For more information
This page discusses the Checkpoint facility, preimage logging, and dumping the CHKPOINT file with the UTILC utility.
- Checkpoints in HLI are discussed in detail in HLI: Model 204 recovery and checkpoints.
- Recovery data sets and job control explains how to use CHKPOINT in the recovery process.
- Checkpoint data stream configurations are described in Configuring checkpoint and journal data streams.
Understanding the Checkpoint facility
Checkpoint markers and preimage copies of database pages are recorded on a sequential data set called CHKPOINT (and CHKPNTS). Checkpoints taken during a Model 204 run mark times when no updates are in progress. Between checkpoints, before-images of Model 204 file pages are recorded in a checkpoint file as files are updated. After a system crash, you can roll back the database to its status at the time of a specific checkpoint. Changes made in the files between the time of that checkpoint and the time of the system crash are removed.

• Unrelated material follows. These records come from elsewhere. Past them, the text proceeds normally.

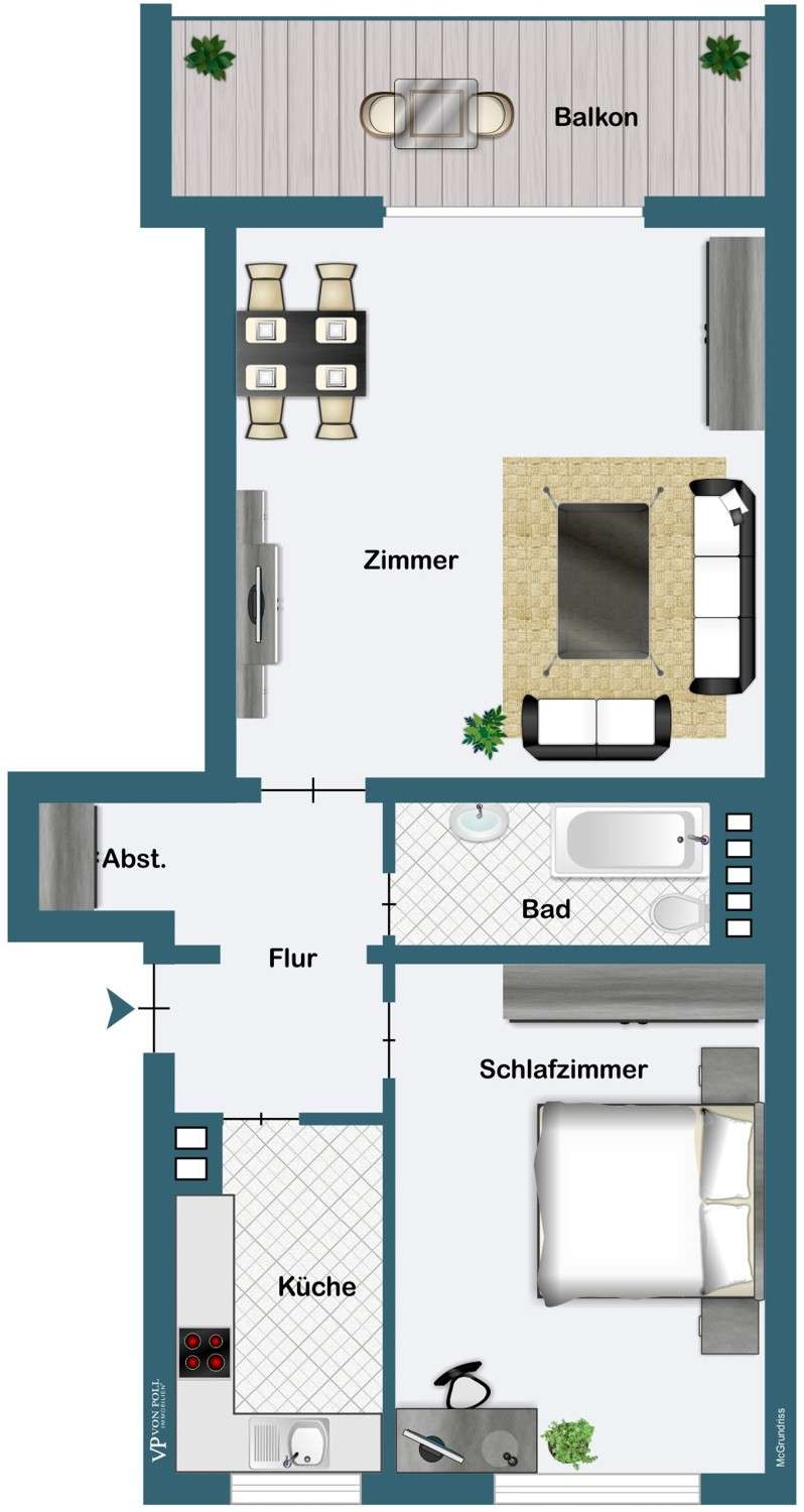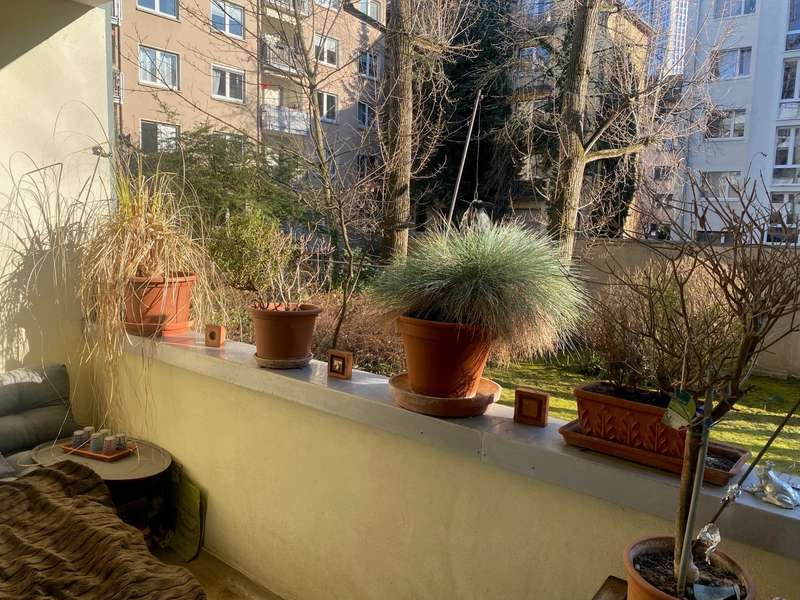 This well-designed two-room apartment is located on the mezzanine floor of a well-kept property in Frankfurt's popular Westend district. The city center and the Alte Oper are within walking distance. There are two practical built-in wardrobes in the spacious entrance area. The kitchen and bedroom are on the right. To the left is the living room with direct access to the balcony. From here you have a beautiful view of the communal garden. The bathroom has a bathtub. The apartment is currently rented out for 570 euros. A large cellar is assigned to the apartment.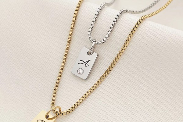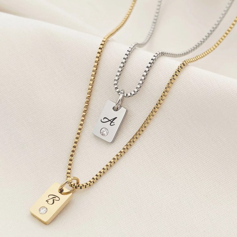 Lantisor Lumia – Placute cu initiale & cristal Zirconia - Otel Inoxidabil 316L
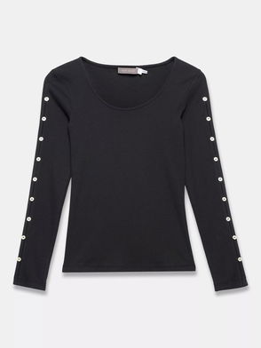 Cotton Blend Button Trim Long Sleeve Scoop Neck Shirt

Checkpoints are taken on all files simultaneously to preserve logical file consistency. When file changes are rolled back, all files, regardless of their condition, are automatically restored to a checkpoint. Unless otherwise specified, files are rolled back to the most recent checkpoint.
By using the Checkpoint facility in conjunction with the Roll Back and Roll Forward facilities, you can recover a valid copy of the Model 204 database after a system failure.
Checkpoint parameters
You control the operation of the Checkpoint facility by specifying parameters on User 0's parameter line. The following table lists the checkpoint parameters:
Parameter | Meaning |
---|---|
CPMAX | Maximum number of checkpoints saved during the run. The default is 32767. |
CPTIME | Time in minutes between attempts to take automatic checkpoints. The default is 0. |
CPTO | Amount of time in seconds allowed to quiesce updating User Language users, command users, and online IFAM jobs. The default is 0. |
CPTQ | Amount of time allowed in seconds to quiesce updating batch Host Language Interface jobs. The default is 0. |
CPTS | Time interval for in-flight transactions to complete before going into a sub-transaction wait. |
CPTYPE | Choosing to use transaction-only checkpoints, or both transaction and sub-transaction checkpoints |
CPSORT | Maximum number of times to retry an attempt to take a checkpoint initiated by the start or end of an IFAM2 job. |
FRCVOPT | File recovery options. Settings indicate whether or not a file participates in checkpoint and/or roll forward logging. |
NSUBTKS | Checkpoint facility uses three internal processes called pseudo subtasks (PSTs). The setting of this parameter must reserve at least three slots for checkpoint use, if checkpointing is active. Add another pseudo subtask for asynchronous checkpointing in an environment that supports 31-bit processing. |
RCVOPT | Recovery options. Settings activate the Checkpoint facility and govern checkpoint and journal logging. |
Taking a checkpoint
The process of taking a checkpoint is activated by one of the following events:
- Expiration of the specified time between checkpoints (CPTIME)
- CHECKPOINT command
- Host Language Interface IFCHKPT call
- Host Language Interface IFSTRT and IFFNSH calls
Note: Only the first IFSTRT call from an IFAM2 job activate/s the CHKPPST pseudo subtask. Subsequent IFSTRTs for the same IFAM2 job do not initiate checkpoint attempts.
Checkpoint algorithm
Once activated, the checkpoint algorithm proceeds as follows:
- Prevents any new update units from starting until the checkpoint process is completed.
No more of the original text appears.